Unable to log in with any password - hashing problem?

[pekka]

Currently learning Laravel. I have a project with Backpack running locally that I'm trying to deploy to a web server. The deployment target is marked "production" so the Backpack admin interface is password protected.

Problem is, no password is ever accepted. If I go the "forgot password" route I can set a new password, and go to the admin panel because I seem to be automatically signed in when I do this. However, the next time I try to log in using the new password, it gets rejected.

I assume this is a hashing problem when storing the password.

The users table looks fine:

Can anyone point me where to start debugging this?

[pxpm]

Hey @pekka can you do php artisan backpack:version and give me the output ?

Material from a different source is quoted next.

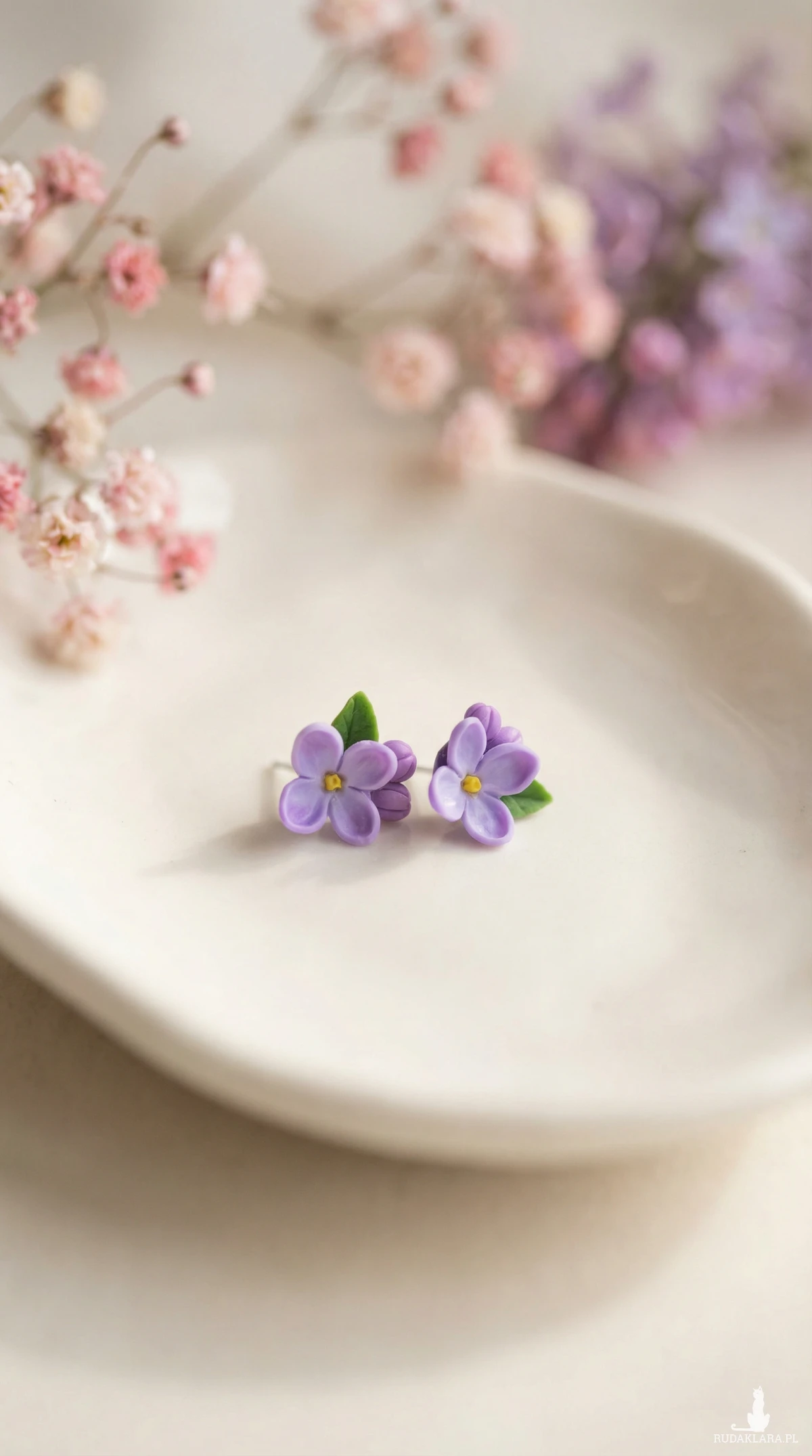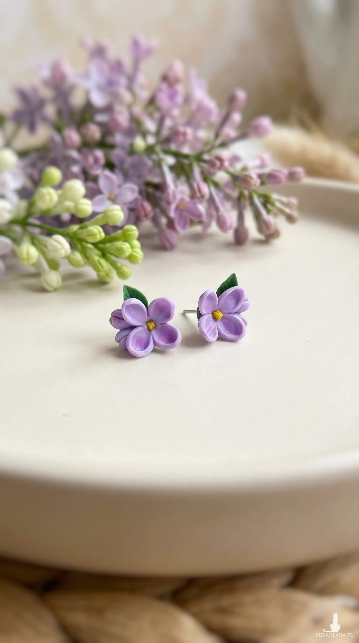 Piękne, wiosenne kolczyki z kwiatami bzu.

Also, how are you creating the users ? Via Register page or some seeder or something ?

Cheers

[pxpm]

I am just wondering why are you getting those exceptions instead of a nice error page:

I am not sure, but it does not seem that you are using Backpack for the authentication. Did you properly follow Backpack setup ? ran all the commands etc ? It seems something is missing there, not the hashing algorithm tho.

[pekka]

I'm getting the nice error page when trying to log in!
The exception happens when I enter a new password here:

I think I followed all the installation instructions correctly, but will probably have to repeat the process to exclude any problems on that end...

[pxpm]

Can you click on "Share" in the top of error page and share with me the full error stack ?

Thanks

[pekka]

Certainly. Here!

[pekka]

#357 (reply in thread)

[o15a3d4l11s2]

If you are using the default settings for hashing (Bcrypt), you could try changing one password directly in the database to $2a$10$LLHgjgY2SNlrIELWFG1Q6O4hlHG42WllWNjISZXUNfKGlLeSKAeOy, which is equivalent to 12345678 and then try to login with it. If it succeeds, it means the problem is related to the hash generation. If it fails, it means it is related to the login part that checks for the correct password.

[pekka]

The result is true.

This is the JS error. There are no other errors on the page, everything is on https:

You say that you are running it locally and you wanted to deploy it. Does this mean that everything works properly locally, but fails when deployed?

I thought it was working properly locally, but now I appear to have the same problem there as well regarding passwords. The Javascript error happens only when deployed.

How are you running Laravel locally - Homestead, Docker, Valet, etc.?

Valet.

How are the users created/registered? If you have implemented the registration yourself maybe there is an issue with that code? Could you share some code regarding the registration/user-creation?

Nope, so far I've only used the Backpack admin panel to create users.

To prevent wasting your or my time, given that the problem appears locally as well, I will first recreate a Backpack project from scratch to make sure I didn't make some kind of mistake along the way.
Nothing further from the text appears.